# WORK TASK
Quote exactly the lines from the one with "Сверло по металлу" to the end of the data, both included; omit the pictures.

# RECORD EXCERPTS
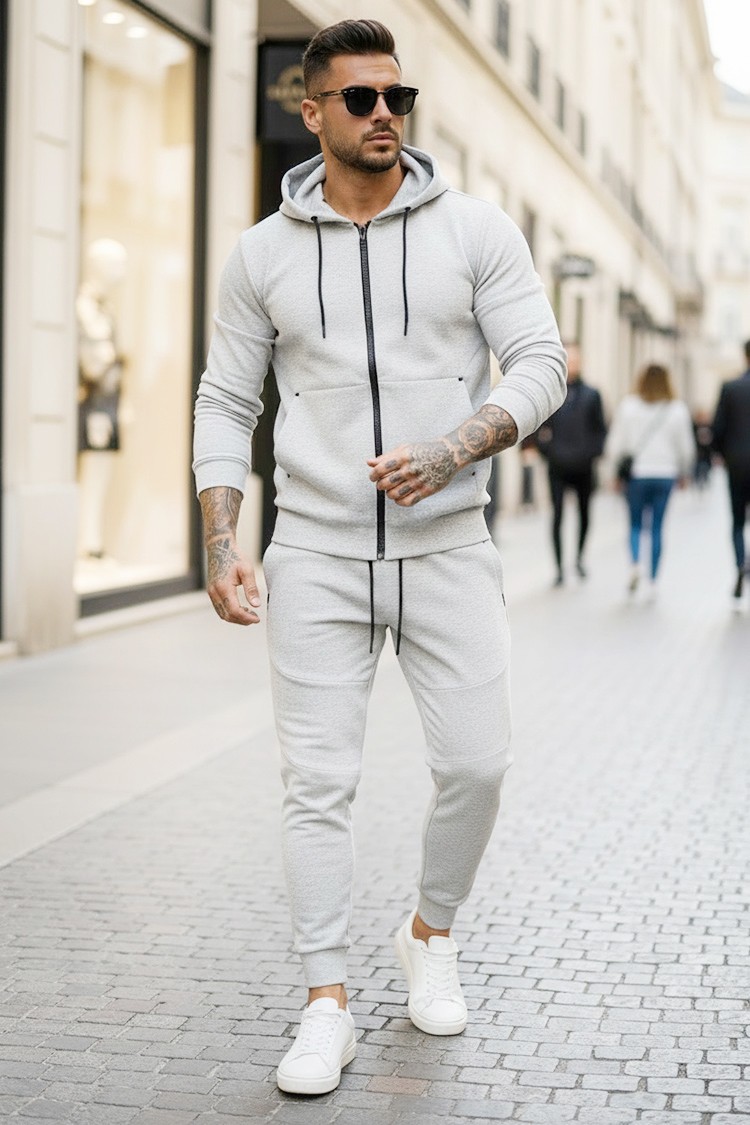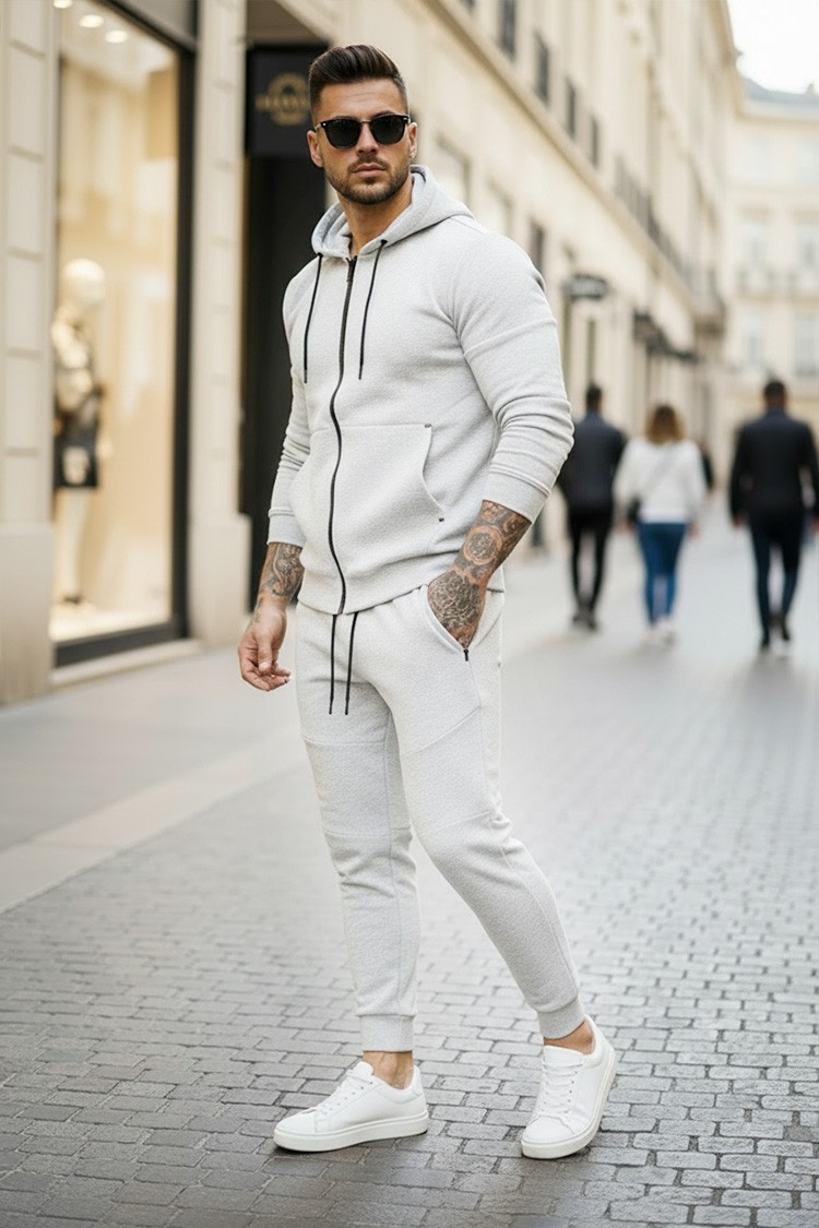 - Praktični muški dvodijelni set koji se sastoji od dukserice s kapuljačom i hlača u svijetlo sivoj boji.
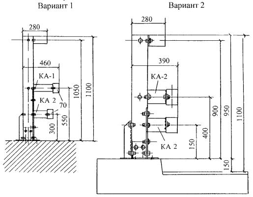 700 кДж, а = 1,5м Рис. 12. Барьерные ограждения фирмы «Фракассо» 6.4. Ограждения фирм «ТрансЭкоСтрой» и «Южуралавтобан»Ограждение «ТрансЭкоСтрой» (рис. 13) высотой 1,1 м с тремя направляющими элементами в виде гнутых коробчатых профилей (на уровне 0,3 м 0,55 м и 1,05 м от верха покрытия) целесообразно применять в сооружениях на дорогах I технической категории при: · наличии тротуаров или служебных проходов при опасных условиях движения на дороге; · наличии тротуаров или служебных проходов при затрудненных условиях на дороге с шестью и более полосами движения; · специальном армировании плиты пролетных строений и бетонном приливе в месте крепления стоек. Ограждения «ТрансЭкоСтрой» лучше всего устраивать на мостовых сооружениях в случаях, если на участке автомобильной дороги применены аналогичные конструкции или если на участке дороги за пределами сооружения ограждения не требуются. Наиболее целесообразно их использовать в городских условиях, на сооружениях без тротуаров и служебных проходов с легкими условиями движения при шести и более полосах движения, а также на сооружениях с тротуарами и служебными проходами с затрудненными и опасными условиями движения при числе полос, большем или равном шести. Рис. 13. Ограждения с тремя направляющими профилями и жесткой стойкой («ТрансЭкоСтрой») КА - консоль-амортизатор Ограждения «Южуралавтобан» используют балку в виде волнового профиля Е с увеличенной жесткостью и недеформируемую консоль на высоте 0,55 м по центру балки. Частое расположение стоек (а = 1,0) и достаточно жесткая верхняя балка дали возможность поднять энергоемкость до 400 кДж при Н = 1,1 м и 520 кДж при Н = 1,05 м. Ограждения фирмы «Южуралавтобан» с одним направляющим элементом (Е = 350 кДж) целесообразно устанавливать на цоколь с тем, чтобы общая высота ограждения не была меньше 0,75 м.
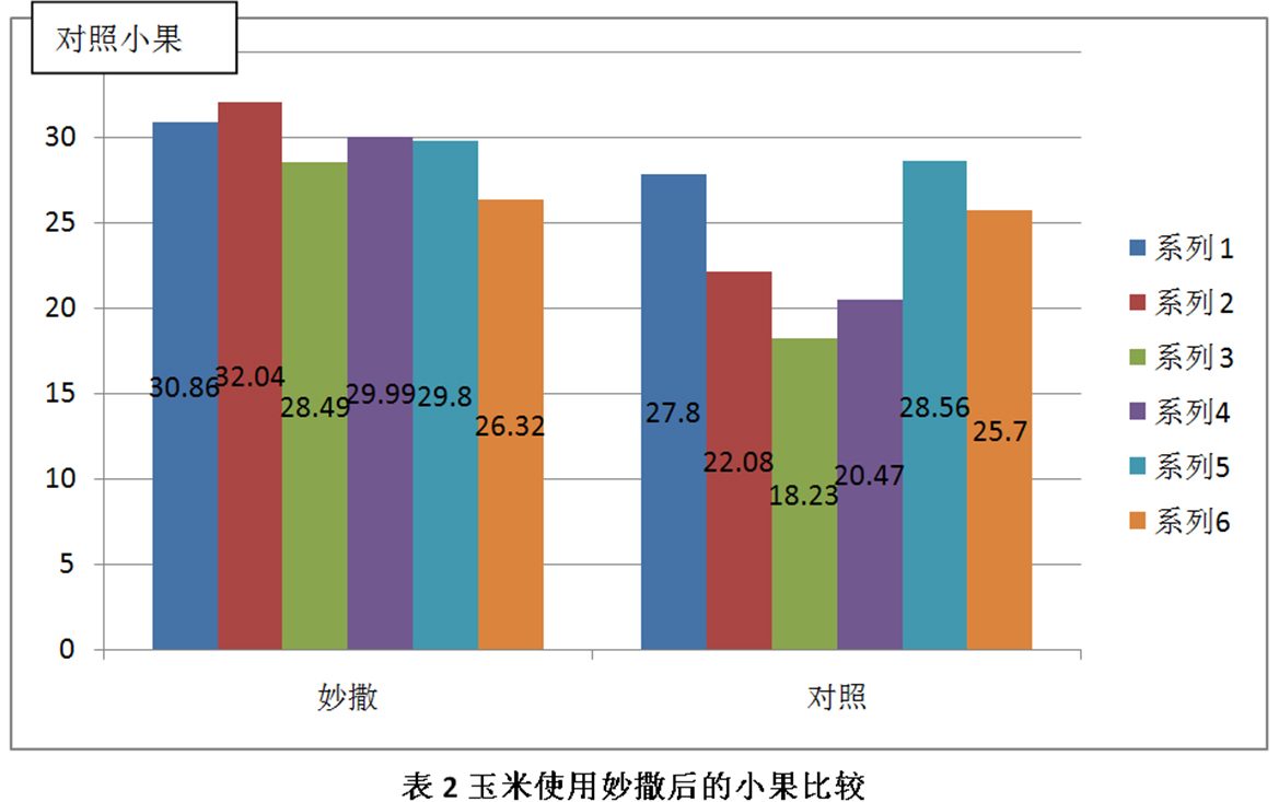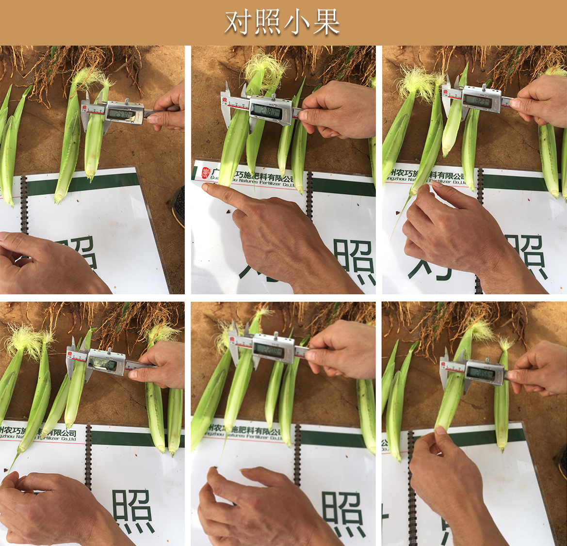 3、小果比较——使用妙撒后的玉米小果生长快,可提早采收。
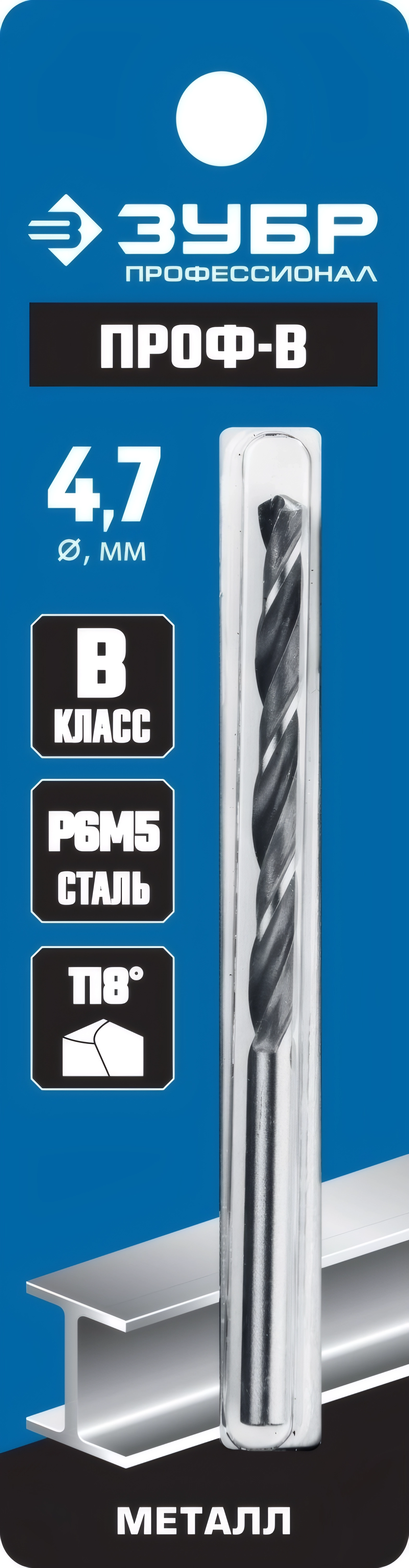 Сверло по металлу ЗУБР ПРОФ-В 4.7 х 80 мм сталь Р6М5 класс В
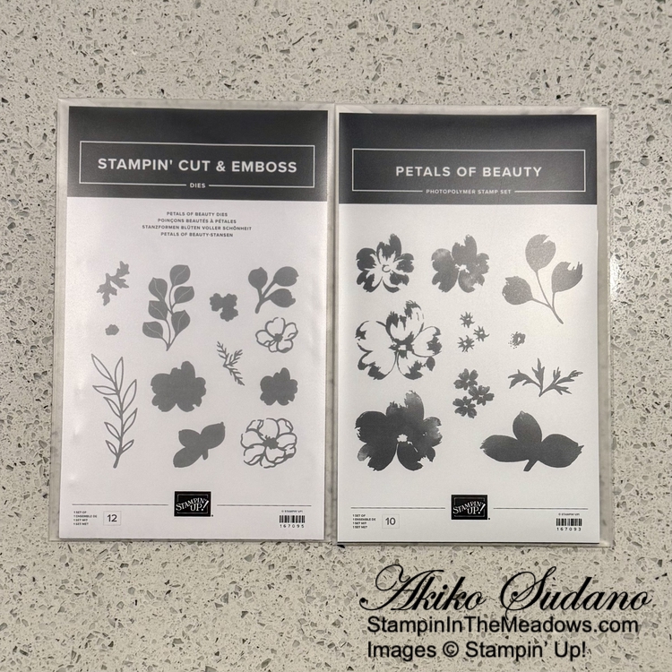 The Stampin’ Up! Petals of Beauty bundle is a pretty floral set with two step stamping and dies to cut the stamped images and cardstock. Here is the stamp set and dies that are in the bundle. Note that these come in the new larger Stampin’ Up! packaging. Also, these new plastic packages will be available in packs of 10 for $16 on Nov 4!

# ANSWER BELOW
 Сверло по металлу ЗУБР ПРОФ-В 4.7 х 80 мм сталь Р6М5 класс В
 The Stampin’ Up! Petals of Beauty bundle is a pretty floral set with two step stamping and dies to cut the stamped images and cardstock. Here is the stamp set and dies that are in the bundle. Note that these come in the new larger Stampin’ Up! packaging. Also, these new plastic packages will be available in packs of 10 for $16 on Nov 4!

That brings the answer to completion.